This tool is designed with five steps with various options at each step. Users can select one or multiple options, and outputs can be combined. The steps are 1. Select Papers, 2. Identify Entities, 3. Extract Relationships, 4. Collapse Synonyms, and 5. Build Network. DancePartner has been designed to easily pull and use AI/ML models so that non-ML experts can easily pull and use these functions and methods. More details about each step are provided in the summary graphic above.
See full Sphinx documentation here
Degnan D.J., Strauch C.W., Obiri M.Y., VonKaenel E.D., Adrian D.W., and Bramer L.M. “DancePartner: Python Package to Mine Multiomics Relationship Networks from Literature and Databases.” Journal of Proteome Research, 2025. https://doi.org/10.1021/acs.jproteome.5c00520
To install this package, clone the repo and navigate to the directory it sits in. Then, use pip to install.
>>> git clone https://github.com/pnnl-predictive-phenomics/DancePartner.git
>>> cd {Directory it was installed to}
>>> virtualenv --python="<<path to python version 3.9>>" DancePartner
>>> source <<path/to/activate/virtualenv>>
>>> pip install DancePartner/
This package contains a vignettes/ folder with various example vignettes that walk through using this package. We suggest starting there.
-
To learn how to run DancePartner from beginning to end, see How to use DancePartner
-
To learn how to pull papers from PubMed, Scopus, and OSTI, see How to Pull Papers
-
To learn how to extract relationships from databases, see How to Pull from Databases
Extract the BERT model from here. Place in the top level directory of this repo in a folder called "biobert". Pull the config.json, the pytorch_model.bin, and the training_args.bin files.
An API key is needed to pull papers from Scopus. Instructions to obtain one can be found here.
Download the en_ner_bionlp13cg_md model from here. SpispaCy can be difficult to set up, and has not been thoroughly tested on every common operating system. Here is a suggested installation set-up below. Note that this model is not required to run DancePartner
>>> source <<path/to/activate/virtualenv>>
>>> pip install spacy==3.7.5
>>> CFLAGS="-mavx -DWARN(a)=(a)" pip install nmslib # You may need a specific install step here for nmslib, see the scispacy repo. This setup worked for us.

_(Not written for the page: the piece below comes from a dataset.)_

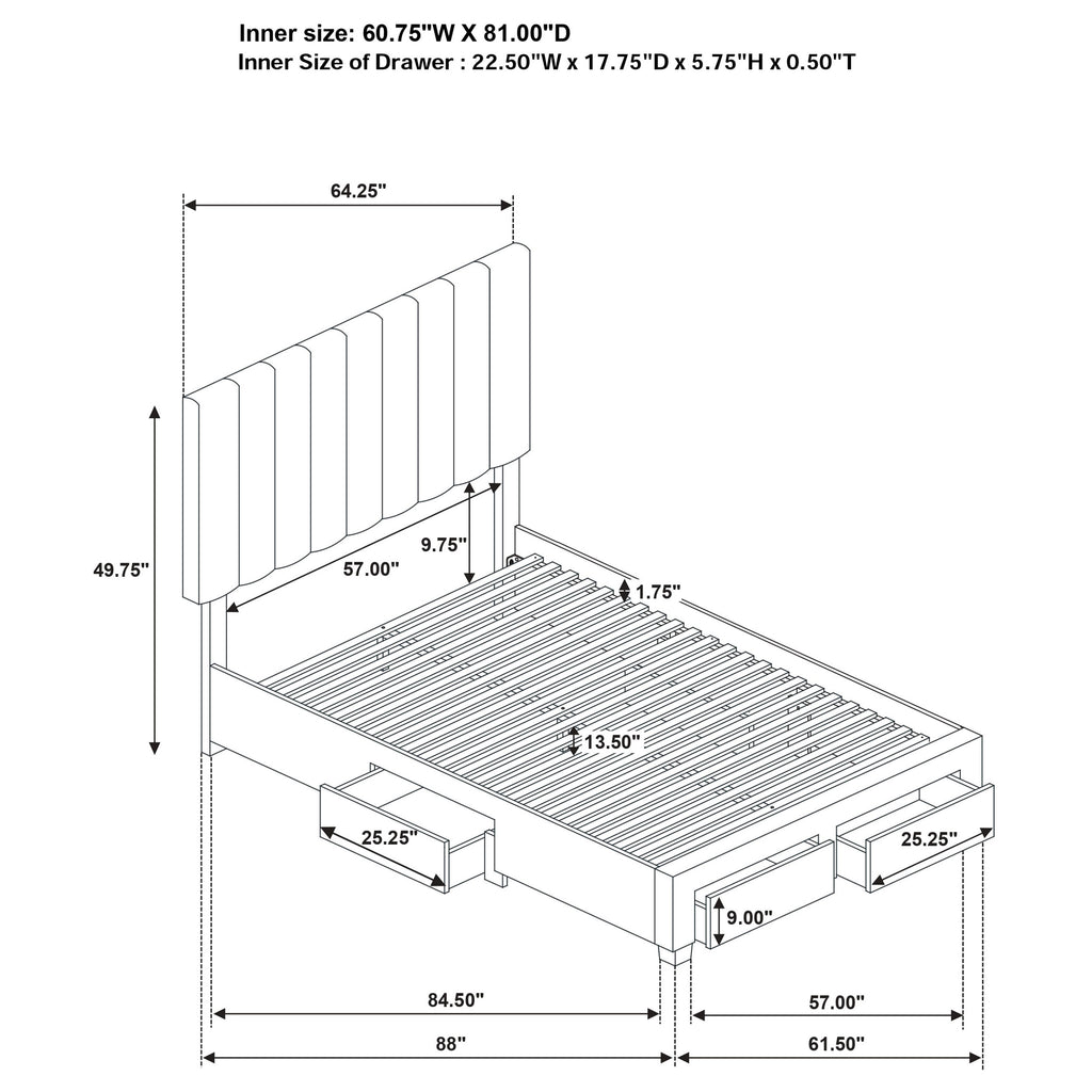 Clean lines and quiet storage come together in this upholstered platform bed, where form meets thoughtful function. The vertical channeled headboard adds a tailored touch, while built-in drawers offer seamless storage at the foot and sides. Wrapped in a soft woven fabric and anchored by a weathered mango base, it blends comfort, utility, and calm geometry. Designed for uncluttered rest, it grounds the bedroom with ease and intention. Key Features: • Upholstered queen bed with vertical channel tufting across a clean, tailored headboard • Four drawers integrated into the base for discreet side and footboard storage • Platform design supports mattress directly without the need for a box spring • Ideal for compact sleeping areas where storage and function are essential • Crafted from mahogany, engineered wood, and mango veneer throughout

>>> pip install scispacy==0.5.5
>>> cd <<wherever/en_ner_bionlp13cg_md downloaded>>
>>> pip install .
DancePartner finds relationships but does not characterize them (e.g. a metabolic relationship, an interaction event, etc.).

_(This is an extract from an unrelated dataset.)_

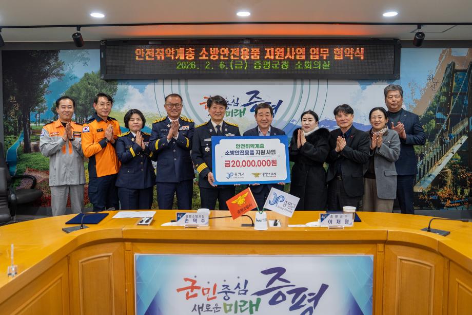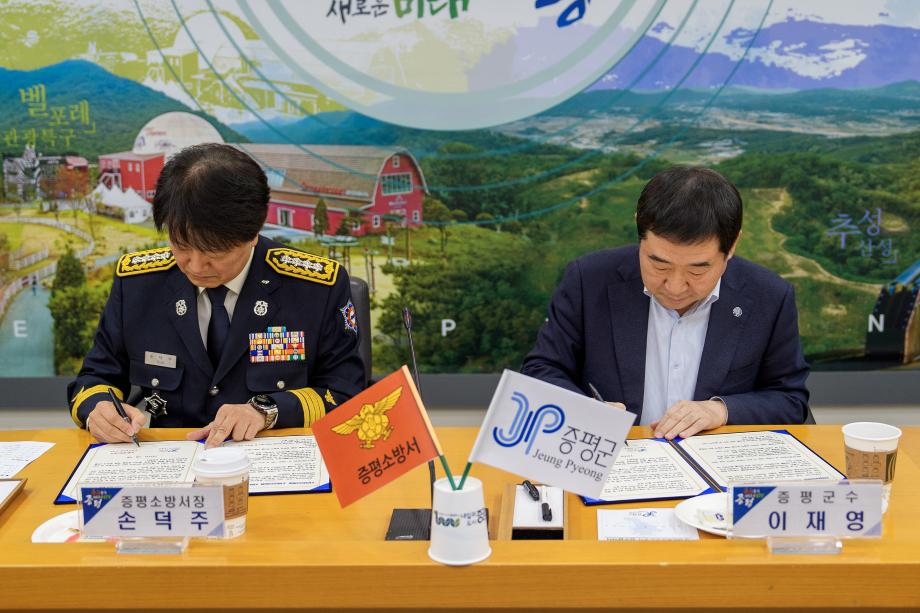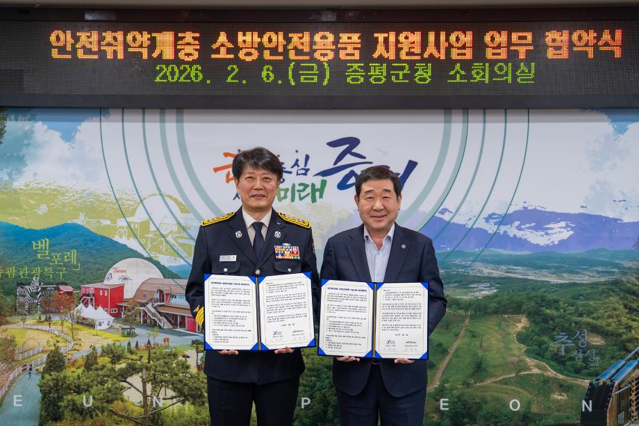 충북 증평군이 6일 군청 소회의실에서 증평소방서(서장 손덕주)와 지역 내 안전취약계층의 주거안전망 강화를 위한‘소방안전용품 지원사업 업무협약(MOU)’을 체결했다고 밝혔다.

To run tests, make sure to create the scopus_key.txt file and ncbi_key.txt file. Install the coverage package and then follow the instructions on each test file. If coverage doesn't run properly after install, deactivate the
DancePartner virtual environment and reactivate it.
>>> pip install pytest
>>> pip install coverage
Add or modify the stop words list here
Several functions require support files found in the omes folder. It is required to run DancePartner.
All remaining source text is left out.